Sur les demandes accessoires
Sur les dépens
Monsieur [D] [A] et Madame [I] [G] [T], qui succombent à l’instance, seront condamnés aux dépens qui comprendront notamment le coût de l’assignation.
Sur l’article 700 du code de procédure civile
Aux termes de l’article 700 du code de procédure civile, dans toutes les instances le juge condamne la partie tenue aux dépens ou qui perd son procès à payer à l’autre partie la somme qu’il détermine au titre des frais exposés et non compris dans les dépens. Le juge tient compte de l’équité ou de la situation économique de la partie condamnée. Il peut, même d’office, pour des raisons tirées des mêmes considérations, dire qu’il n’y a lieu à condamnation.

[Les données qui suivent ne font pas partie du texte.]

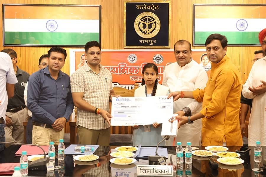 रामपुर शहर विधायक आकाश सक्सेना, जिलाधिकारी जोगिंदर सिंह, पुलिस अधीक्षक विद्यासागर मिश्र और जिला अध्यक्ष हरीश गंगवार की उपस्थिति में हाई स्कूल एवं इंटरमीडिएट की परीक्षा उत्तीर्ण करने वाले मेधावी छात्र-छात्राओं के सम्मान समारोह का आयोजन कलेक्ट्रेट सभागार में किया गया। कार्यक्रम के दौरान जनपद का नाम रोशन करने वाले छात्र-छात्राओं को अधिकारियों एवं जनप्रतिनिधियों द्वारा सम्मानित किया गया और उन्हें बधाई देते हुए उनके उज्जवल भविष्य की कामना की गई। इस दौरान प्रदेश स्तर पर मुख्यमंत्री योगी आदित्यनाथ की अध्यक्षता में लोक भवन सभागार में आयोजित कार्यक्रम का सजीव प्रसारण भी कराया गया। कार्यक्रम में हाई स्कूल एवं इंटरमीडिएट परीक्षा में सर्वाधिक अंक प्राप्त करने वाले 10-10 मेधावी छात्र-छात्राओं में से प्रत्येक को 21 हजार रुपये का चेक, टैबलेट, मेडल व प्रशस्ति पत्र देकर सम्मानित किया गया।

En l’espèce, condamnés aux dépens, Monsieur [D] [A] et Madame [I] [G] [T] verseront à l’association GROUPE SOS SOLIDARITES une somme qu’il est équitable de fixer à 360 euros sur le fondement de l’article 700 du code de procédure civile.

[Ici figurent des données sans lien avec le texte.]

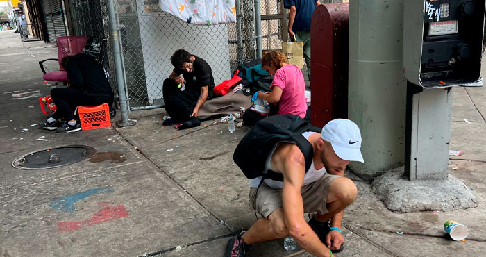 Al bajar en la estación de metro de Allegheny—en el barrio de Kensington, ubicado en la ciudad de Filadelfia—los visitantes se encuentran de inmediato con una realidad desoladora. Las aceras están repletas de basura y jeringas usadas. Cada pocos metros, alguien se “dobla” o se desploma en estado de trance. Los que están despiertos se encuentran tan concentrados en consumir y preparar drogas que ni siquiera reconocen a los transeúntes. También se percibe un silencio desolador; nadie habla ni pide monedas. El aire está cargado de angustia y desesperanza.

Sur l’exécution provisoire
Il est rappelé que l’exécution provisoire est de droit.
PAR CES MOTIFS
Le juge des contentieux de la protection, statuant publiquement, par jugement réputé contradictoire et en premier ressort, mis à disposition au greffe de la juridiction ;
DÉCLARE RECEVABLE l’action engagée et tendant à la constatation de l’acquisition de la clause résolutoire insérée dans les conventions du 25 février 2022 et du 6 mars 2025 liant les parties ;
CONSTATE à compter du 26 juillet 2025 l’acquisition de plein droit de la clause résolutoire insérée dans les conventions du 25 février 2022 et du 6 mars 2025 liant les parties et DIT que Madame [I] [G] [T] et Monsieur [D] [A] devront quitter les lieux loués sis [Adresse 5] et les rendre libres de toute occupation en satisfaisant aux obligations des locataires sortants, notamment par la remise des clefs ;
ORDONNE l’expulsion, à défaut de départ volontaire, de Madame [I] [G] [T] et Monsieur [D] [A] ainsi que celle de tous occupants de leur chef et ce au besoin avec le concours de la force publique à l’expiration d’un délai de deux mois suivant la signification d’un commandement de libérer les lieux ;
CONDAMNE Madame [I] [G] [T] et Monsieur [D] [A] à payer à l’association GROUPE SOS SOLIDARITES la somme de 7 095,94 euros correspondant à la dette locative, mois de février 2026 inclus ;
FIXE le montant de l’indemnité d’occupation au montant du loyer et des charges qui auraient été dues en cas de non résiliation du bail soit la somme de 691,97 euros ;
CONDAMNE Madame [I] [G] [T] et Monsieur [D] [A] à payer à l’association GROUPE SOS SOLIDARITES, à compter du 1er mars 2026, l’indemnité mensuelle d’occupation, jusqu’à la date de libération effective des lieux ;
CONDAMNE Madame [I] [G] [T] et Monsieur [D] [A] à payer à l’association GROUPE SOS SOLIDARITES la somme de 360 euros au titre de l’article 700 du Code de procédure civile ;
CONDAMNE Madame [I] [G] [T] et Monsieur [D] [A] aux dépens qui comprendront notamment le coût de l’assignation ;
RAPPELLE que l’exécution provisoire est de droit ;
DÉBOUTE les parties de leurs demandes plus amples ou contraires.
Fait à [Localité 5], le 27 avril 2026.